Reputation: 41
I have a data set with number of people at a certain age (ranging from 0-105+), recorded in the period 1846-2014, and I am making a scatterplot of the summed amount of people by year; there's one data set for males and one for females. After that, I am going to add a trend line, but I am having problems figuring out how.
This is what I've got so far:
B <- as.matrix(read.table("clipboard"))
head(B)
age <- 0:105
y <- 1846:2014
plot(c(1846:2014), c(colSums(B)), col=3, xlab="Year", ylab="Summed age", main="Summed people")
This gives me the plot, but I am not sure how to add the trend line. Please help. Plot looks like this: https://www.dropbox.com/s/5dono5bjrmqylcp/Plot.png?dl=0
Upvotes: 4
Views: 26824
Reputation: 226162
I downloaded your data file and posted it somewhere accessible.

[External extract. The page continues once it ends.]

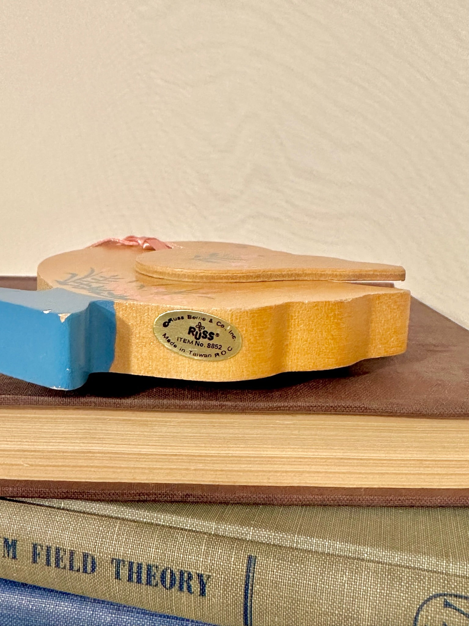 This vintage wooden duck is a collectible item made by Russ Berrie & Co in the 1980's. This piece is painted on both sides with a bow on the neck.

urlsrc <- "http://www.math.mcmaster.ca/bolker/misc"
urlfn <- "201512516853914205393FolkemEttAarig.tsv"
d <- read.delim(url(paste(urlsrc,urlfn,sep="/")),header=TRUE,
check.names=FALSE)
dm <- d[,3:171]
y <- as.numeric(names(dm))
Now make the plot:
plot(y, colSums(dm),
col=3, xlab="Year", ylab="Summed age", main="Summed people")
abline(lm(colSums(dm) ~ y))
You can also do it like this:
library("tidyr")
library("ggplot2"); theme_set(theme_bw())
library("dplyr")
d2 <- gather(dm,year,pop,convert=TRUE)
d3 <- d2 %>% group_by(year) %>% summarise(pop=mean(pop))
ggplot(d3,aes(year,pop)) + geom_point() +
geom_smooth(method="lm")
There is a confidence interval around this trend line, but it's so narrow that it's hard to see.
update: I accidentally used the mean instead of the sum in the second plot, but of course it should be easy to change that.
Upvotes: 9